Your youngest children deserve to know the truth. Were you ever planning to tell them that their older sister has a different (biological) dad or just hoping to keep it quiet? My nephew accidentally found out something regarding his mum (my sister) that she openly lied about by omission, for years. He has gone no contact since because of what he sees as her deliberate deceit, despite it not being that big a deal really.

My youngest knows his two older brothers had a different mum. It’s never been a secret and I think it was originally mentioned when he was a toddler and came about after he asked why his older brothers don’t live at home. They were adults at this stage. The siblings are still very close and the ‘Step’ part has never been an issue.

Hadjab · 24/05/2021 20:00

@Grizalda

I'm from a family that lied and lied about this sort of thing. You do not have any sympathy from me. There was no reason to lie!! Literally no one would have given two fucks if you'd have been honest from the start.
How was it a lie though? She’s their sister, the percentage doesn’t matter, and OP has already stated she wasn’t going to withhold the details from them, just tell them at an appropriate point.
billy1966 · 24/05/2021 20:01

OP,
Kindly, you should have protected your children from this.
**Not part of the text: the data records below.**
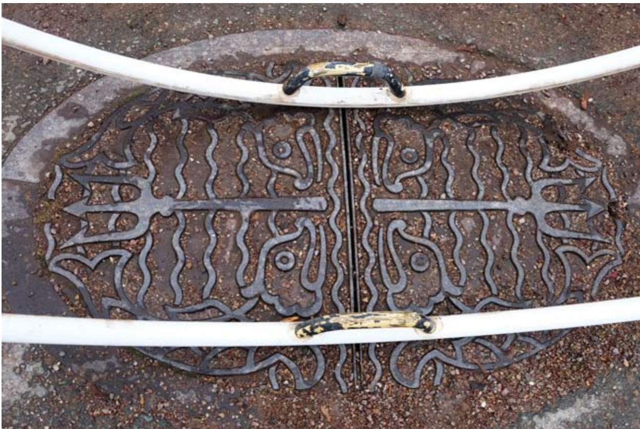
12 Weimar • Thüringen • Deutschland
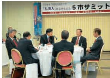
▲5市サミットで交流を深めました

平成二十一年のNHK大河ドラマに直江兼続が主人公の「天地人」が決定したことを受け、十月十九日、直江兼続ゆかりの五市によるサミットを長岡で開催しました。長岡市、上越市、南魚沼市、福島県津若松市、山形県米沢市の市長たちが、五市で連携して観光ルートを検討する
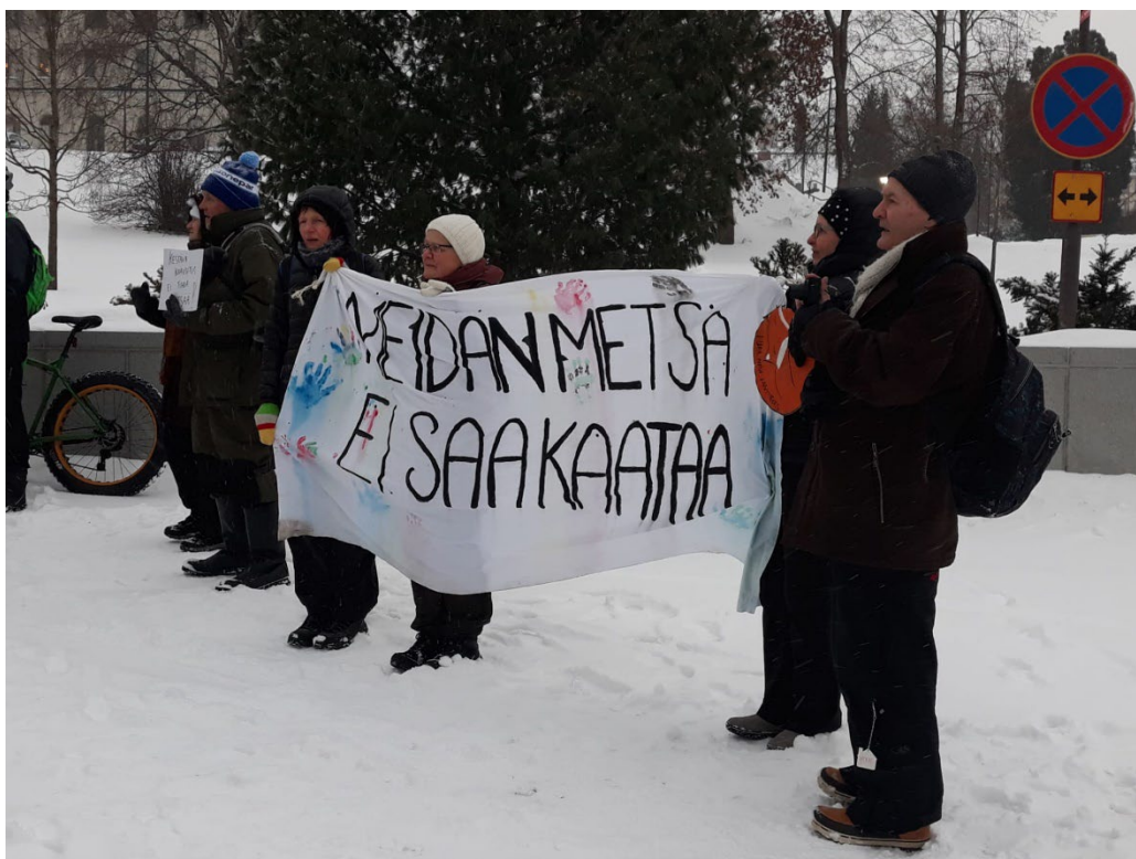
KUVA 5. TAMMIRINTEEN KAAVAN MIELENOSOITUS.

Vesankaan suunniteltu murskaamo valitettavasti etenee Jysyn muistutuksesta huolimatta.
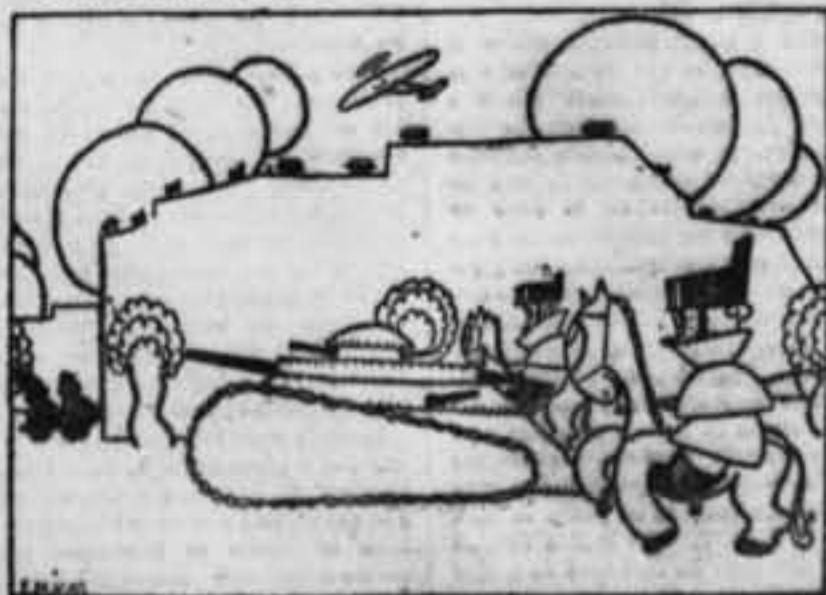
... IX que sus protestas por la de Madrid...
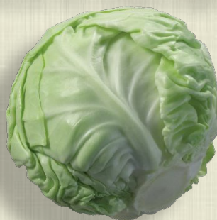
Блюда из капусты
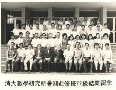
清大數學研究所暑期進修班77級結業留念

Your in laws sound nasty and ugly.

Did you really not know this?.

Your poor children.
Focus on defusing this.

Where is your husband/partner in this?
Flowers

LemonLimeFlower · 24/05/2021 20:02

I’d be furious, and we don’t see in laws for a similar reason.
They aren’t to be trusted, and it’s none of their business.
People keep,secrets, because they want to, for various reasons.
If it’s not your secret and business, keep out of it ,

fruityorange · 24/05/2021 20:02

@Hadjab it is a lie by omission.
And I think lying to kids and telling them the truth at some point you deem appropriate is not good parenting.

fruityorange · 24/05/2021 20:03

@LemonLimeFlower Secrets destroy families.

UhtredRagnarson · 24/05/2021 20:03

This is the risk you take when you decide to keep secrets that other people know about. Sorry OP but your children really should have been told by you at a much earlier age.